Photochemical Oxidants Injury in Rice Plants : III. Effect of ozone on physiological activities in rice plants

The experiments were made to determine the effect of photochemical oxidants on physiological activitics of rice plants. Rice plants were fumigated with ozone at concentration of 0.12-0.20 ppm for 2-3 hr to investigate the accute injury and at 0.05 and 0.09 ppm for daily exposure from 3.0 leaf stage to assess the effect of ozone on growth. 1. It was observed that malondialdehyde produced by disruption of the components of membrane increased in the leaves exposed to ozone. 2. Ozone reduced the RuBP-carboxylase activity in both of young and old leaves 12-24 hr after fumigation and then in the young leaves the activity of this enzyme recovered to some extent after 48 hr, but it did not show any recovery in the old leaves.

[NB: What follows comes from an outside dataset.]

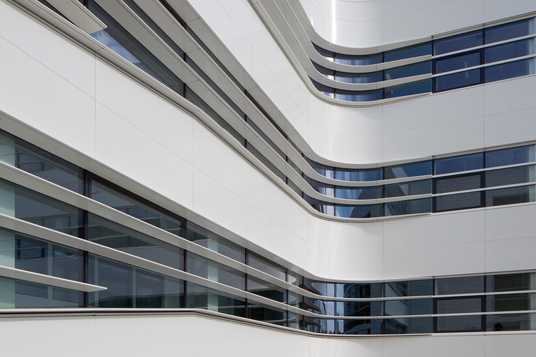 Die Größe des Gebäudes (105 m x 85 m) wird durch die Strukturierung, die Höhenstaffelung sowie die dynamischen Rundungen im Maßstab bewusst verändert.
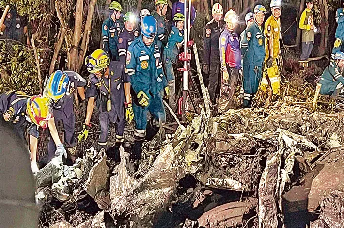 న్యూ ఢిల్లీ, ఆగస్టు 23: థాయ్లాండ్లో గురువారం ఘోర విమాన ప్రమాదం చోటు చేసుకుంది. ఏడుగురు ప్రయాణికులు, ఇద్దరు పైలెట్లతో కలిసి బ్యాంకాక్ నుంచి బయలు దేరిన విమానం బ్యాంగ్ పకాంగ్ జ్లిలాలోని చాచోయెంగాసావో అడవుల్లో కుప్పకూలింది. థాయ్ ఫ్లయింగ్ సర్వీస్ కంపెనీకి చెందిన విమానం గురువారం మధ్యాహ్నం టూరిస్టులతో బ్యాంకాక్ విమానాశ్రయం నుంచి ట్రాట్ ప్రావిన్స్కు వెళ్తుండగా మార్గమధ్యలోని బ్యాంగ్ పకాంగ్ జిల్లాలోని దట్టమైన అటవీ ప్రాంతంలో కూలిపోయింది. ప్రమాదంలో మొత్తం తొమ్మిదిమంది చనిపోగా.. వారిలో ఐదుగురు చైనాకు చెందినవాళ్లు, మరో ఇద్దరు థాయ్ ప్రయాణికులు సహా పైలెట్, కోపైలెట్ ఉన్నట్లు సమాచారం. సహాయక చర్యలు కొనసాగుతున్నాయని పోలీసు అధికారులు తెలిపారు.

On the otherhand, ozone remarkably increased the peroxidase activity and slightly increased acid phosphatase in any leaves. 3. Abnormally high ethylene evolution and oxygen uptake were detected in leaves soon after ozone fumigation. 4. In general, high molecular protein and chlorophyll contents in the detached leaves decreased with incubation in dark, particularly in the old ones. These phenomena were more accelerated by ozone fumigation. Kinetin and benzimidazole showed significant effect on chlorophyll retention in ozone-exposed leaves. 5. Reduction of plant growth and photosynthetic rate was recognized even low concentration of ozone in daily exposure at 0.05 and 0.09 ppm. From these results it was postulated that ozone may act the senescence of leaves in rice plants.